The invention relates to a process for the thermal treatment of aluminum alloys containing zinc, magnesium and copper as main alloying elements, and the products manufactured by this process and having an average particle diameter of Al--Mg--Cr phase of between 800 Å and 1000 Å. This process involves carrying out a treatment at high temperature for a sufficiently short period to prevent coalescense into particles which are too large. This treatment is preferably carried out at the homogenization stage for thin products and at the final dissolution stage for thick products. The invention is applied, in particular, to the manufacture of thin or thick sheets for the aeronautical industry.

Description

This is a division of application Ser. No. 900,304, filed Apr. 26, 1978, now U.S. Pat. No. 4,196,021.
SUMMARY OF THE INVENTION
The invention relates to a process for the thermal treatment of thin or thick sheets of aluminum alloy intended for improving their toughness.
The toughness of aluminum alloys may be estimated in particular by measuring the critical factor of intensity of stress. This measurement is made in the case of thick products according to the standard ASTM E 399-74 and allows the K1C factor to be determined.
In the case of thin products, measurement is made by a method proposed by the ASTM, "Proposed Recommended Practice for R-Curve Determination", pages 811-825 of Part 10, of the 1975 Annual Book of ASTM Standards. The specimens have central notches (CCT), 400 mm wide. This method allows the KC factor to be determined.
The toughness of a product, that is to say, its resistance to harsh propagation of a crack, will be greater the higher the value from K1C to KC.
French Pat. No. 2,163,281 describes a method of treating a 7475 type aluminum alloy having the following composition, by weight, for aeronautical uses:
______________________________________                                    
Zinc                = 5.2-6.2%                                            
Magnesium           = 1.9-2.5%                                            
Copper              = 1.2-2.9%                                            
Chromium            = 0.18 -0.25%                                         
Iron                < 0.12%                                               
Silicon             < 0.10%                                               
Manganese           < 0.06%                                               
Titanium            < 0.06%                                               
Aluminum            Balance                                               
______________________________________
The method of the patent aims to obtain high toughnesses and resistance to tearing by treatment at high temperature, these qualities being connected with the obtaining of E (Al12 Mg2 Cr) phase particles having an average size in excess of 1,400 Å.

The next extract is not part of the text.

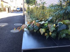 こちらがマンションのエントランス。エントランスは数段ですが階段をおりるかたちになっています。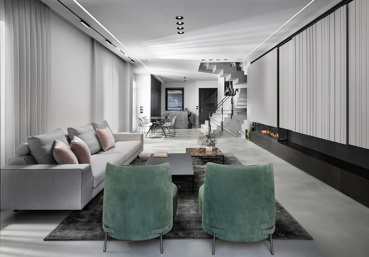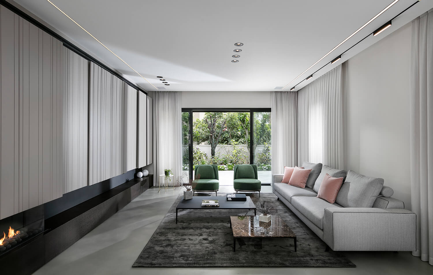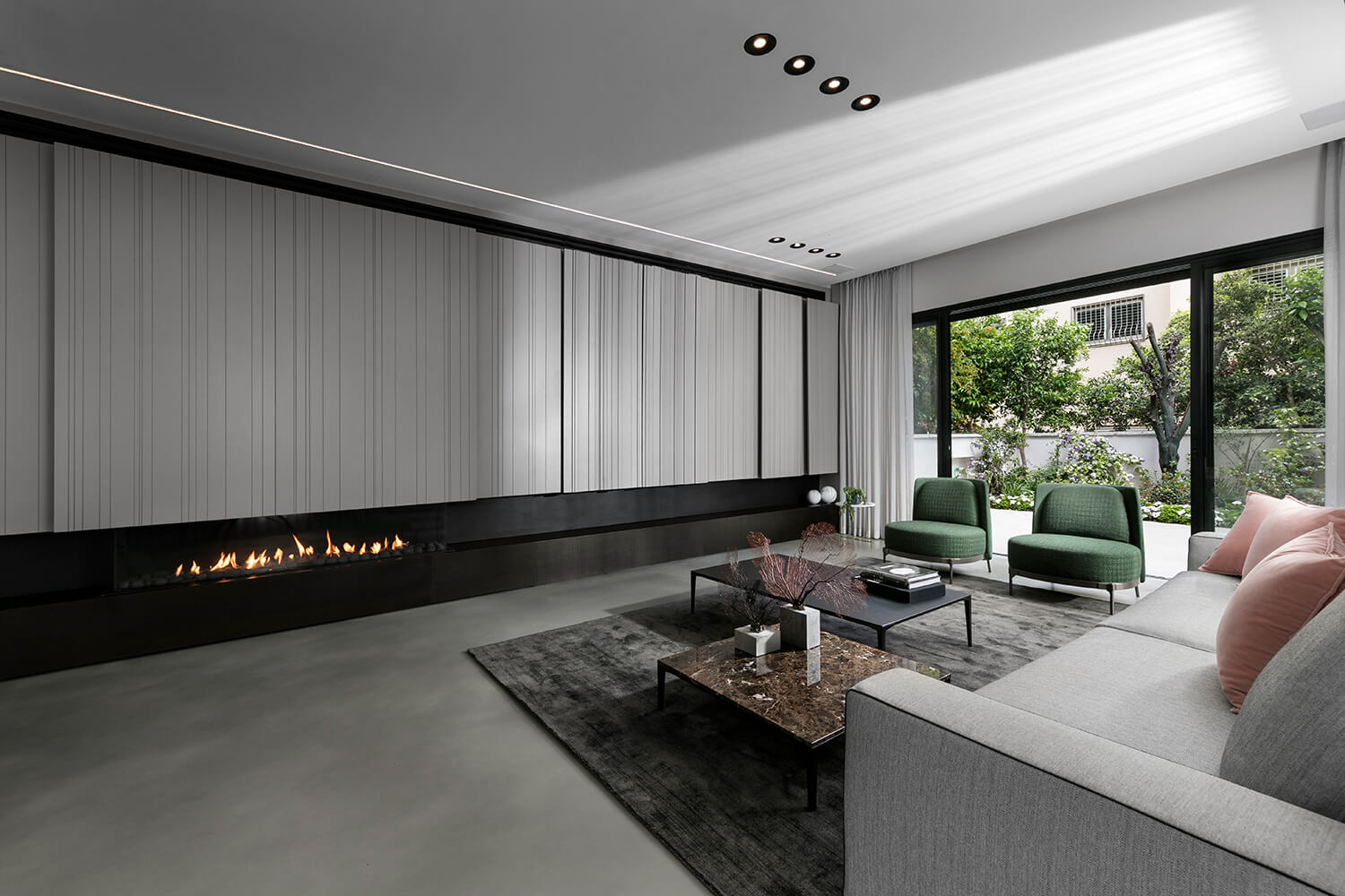 קיר TV עם אחסון חזיתות צבע אפוקסי, חירוץ תלת ממד כולל סגירה דקורטיבית בקיר הטלווזיה קיר טלוויזיה כולל קמין גז

Such treatment at high temperatures of 504° to 538° C. must be sufficiently long to obtain this average particle size. In practice, it is recommended in the patent to carry out a treatment for 6 to 48 hours on ingots or plates followed by a solution heat treatment on the plate lasting at least a quarter of an hour and, preferably, about 2 hours. It is apparently also feasible to only carry out a single treatment at 504° to 538° C. at the solution stage if a sufficiently prolonged solution heat treatment at high temperature can be tolerated for obtaining E>1,400 Å phase particles.
It has been found that it is not desirable to obtain average E phase particles sizes equal to or greater than 1,400 Å to obtain improved characteristics of toughness in such an alloy.
A large particle size may even have disadvantages, and may, for example, promote deformation during quenching. In fact, these deformations are greater, the lower the yield strength of the alloy at quenching temperatures. Now, at these temperatures, the characteristics are no longer linked to the precipitation hardening, the Guinier zones obviously having disappeared, but to the hardening by dispersed phases owing to the insoluble ones. However, this hardening is more effective the closer and the smaller the particles. The coalescence of the particles therefore leads to a reduction in the yield strength, thus, an increase in the deformation.
Furthermore, it is difficult to increase the average E phase particle size without the very large sized particles, of the order of a micron, coalescing. Now, research conducted by S. A. Levy, Reynolds Metals Company, and published by the National Technical Information Service; comparing the 7075 alloys to zirconium and chromium respectively, has shown that the former have the lower proportion of large particles, 1 to 10 microns, as well as the highest toughness.
DETAILED DESCRIPTION
According to the process of the present invention, it is not necessary either to carry out a thermal treatment at high temperature at the solution stage. It may be carried out very well only at the homogenization stage, that is to say, on foundry plates or ingots.
However, irrespective of whether treatment is carried out at the homogenization stage or the solution stage, the products obtained by the process forming the subject of the invention are characterized by an average E phase particle diameter of between 800 and 1000 Å, calculated by the method described below.
This distribution of particle diameters may also be characterized by the number of E phase particles per unit of volume: from 70 to 110 particles per μ3 (cubic micron).
In order to define the characteristics of the present invention more accurately, it is important to show how these particle diameters are measured.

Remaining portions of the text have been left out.